The presentation does come with a couple of caveats, however. Firstly, the game has not been given any HD treatment. As gorgeous as those chunky pixels are, the game was begging for a tarting up to get those sprites singing along with that original score. Sound effects are also quite weak, with bullets and explosions sounding surprisingly limp for a game this crunchy. More could have been done here, that’s for sure.

Visual and audio stuff aside, how does Fast Striker hold up compared to modern, and even retro, Shmups? The game is split into four difficulties, with each difficulty actually being a unique mode – although they all share the same stages…mostly. Regardless of mode, your ship can fire forwards and backwards in two firing spreads. Holding each respective button down results in a mode-specific firing pattern, whilst tapping that same button produces another. Tapping also allows you to maintain maximum speed, and automatically vacuum collectables. Holding it down on the other hand slows you to crawl, which is perfect for tight dodges when the screen gets busy.

Fast Striker

Fast Striker does tend to flood the screen with projectiles, although it doesn’t feel especially bullet-helly when compared to other games in the genre. At least not on the more tame difficulties/modes. The game also doesn’t have any genre-staple bombs, but it does come with a functionally similar shield system. You can expend resources to activate a shield making you impervious to damage, and allowing you to collide with enemies to inflict massive damage. It’s a cool system that works well in a pinch.

Simple Shmup Action

The game is split into 6 stages (5 for Novice) that throw ever increasingly difficult waves of enemies in your general direction. There are also the occasional obstacle and mini-boss to contend with and more than a few sneaky ambushes to keep you on your toes. It’s traditional Shmup gameplay, with very little in terms of bells and whistles. Bosses spice things up with interesting attack patterns and are all a joy to figure out and takedown. Memorisation and a steady hand go a long way here. This is of course helped by the fairly short run time.

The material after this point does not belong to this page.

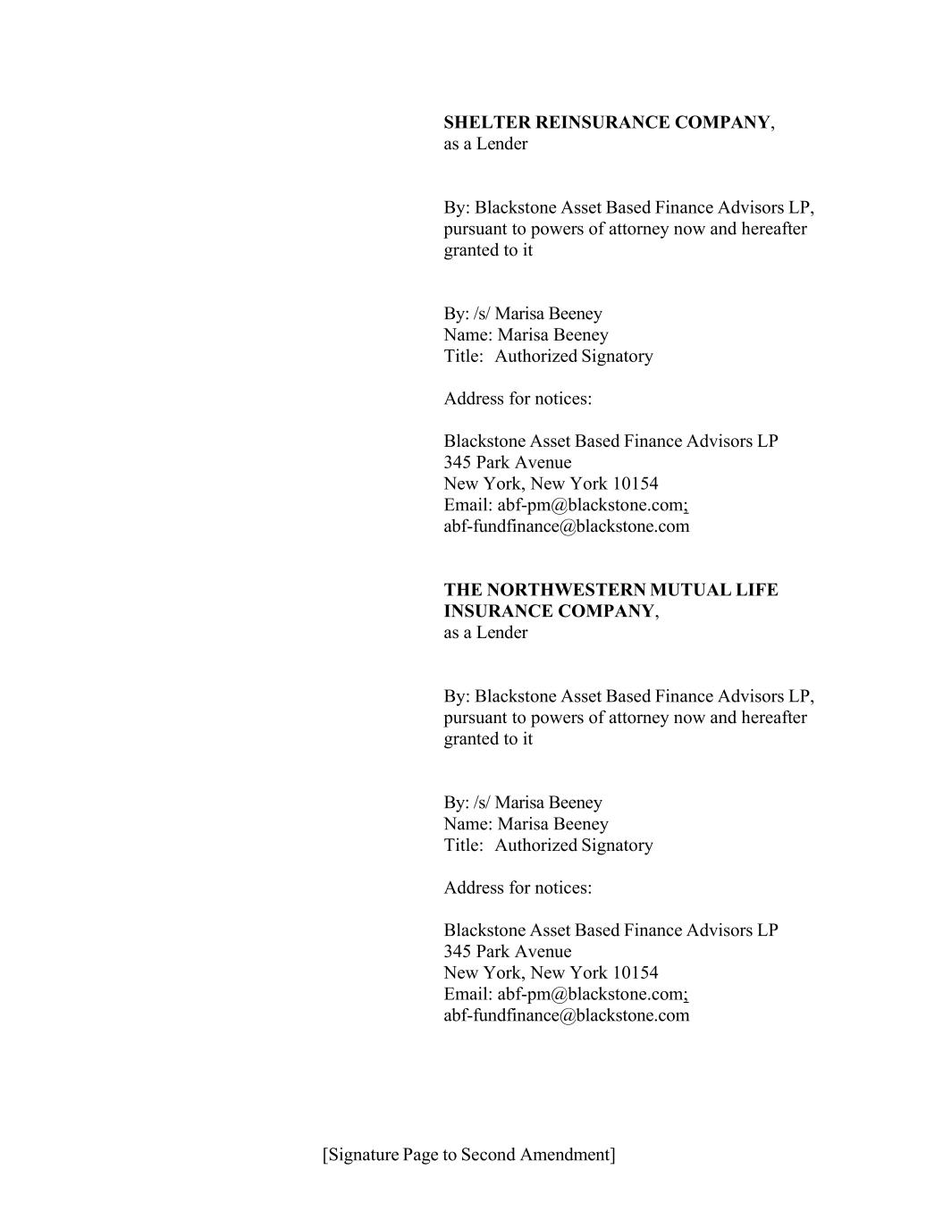 [Signature Page to Second Amendment] SHELTER REINSURANCE COMPANY, as a Lender By: Blackstone Asset Based Finance Advisors LP, pursuant to powers of attorney now and hereafter granted to it By: /s/ Marisa Beeney Name: Marisa Beeney Title: Authorized Signatory Address for notices: Blackstone Asset Based Finance Advisors LP 345 Park Avenue New York, New York 10154 Email: abf-pm@blackstone.com; abf-fundfinance@blackstone.com THE NORTHWESTERN MUTUAL LIFE INSURANCE COMPANY, as a Lender By: Blackstone Asset Based Finance Advisors LP, pursuant to powers of attorney now and hereafter granted to it By: /s/ Marisa Beeney Name: Marisa Beeney Title: Authorized Signatory Address for notices: Blackstone Asset Based Finance Advisors LP 345 Park Avenue New York, New York 10154 Email: abf-pm@blackstone.com; abf-fundfinance@blackstone.com

Each mode comes with a unique scoring system, which does a great job of injecting some replayability into the title. It’s a shame that there are no online leaderboards, and the local leaderboard is all but inaccessible whilst surfing the menus. This ultimately made the scoring in Fast Striker feel little more than dressing, as opposed to a catalyst for score chasing, which is a real shame.

Fast Striker

My biggest gripe with Fast Striker on PS4 is the amount of input lag that seems to be present. The game can often feel incredibly sluggish to play, and from what I gathered from my research, this wasn’t the case on the Dreamcast or NEOGEO releases. I experimented with both a Dualsense and a Dual Shock 4, and neither seemed to perform particularly well. That being said, I did get used to it over time, and the core experience of Fast Striker manages to shine through regardless.

Conclusion

Fast Striker manages to do a lot of things right. The classic sprite work is amazing, the original score slaps harder than my wife, and it has plenty of modes and variations to mess around with. It’s also incredibly cheap coming in at about £1 on sale, and not much more than that off. The lack of HD polish, the basic sound effects, input delay and lack of leaderboards do hamper the game somewhat, but it’s still a fun romp regardless. I’d recommend Fast Striker to any Shmup fan looking to rekindle their love of 90’s Shmups, and as an entry-level game for newcomers, it doesn’t do too badly either.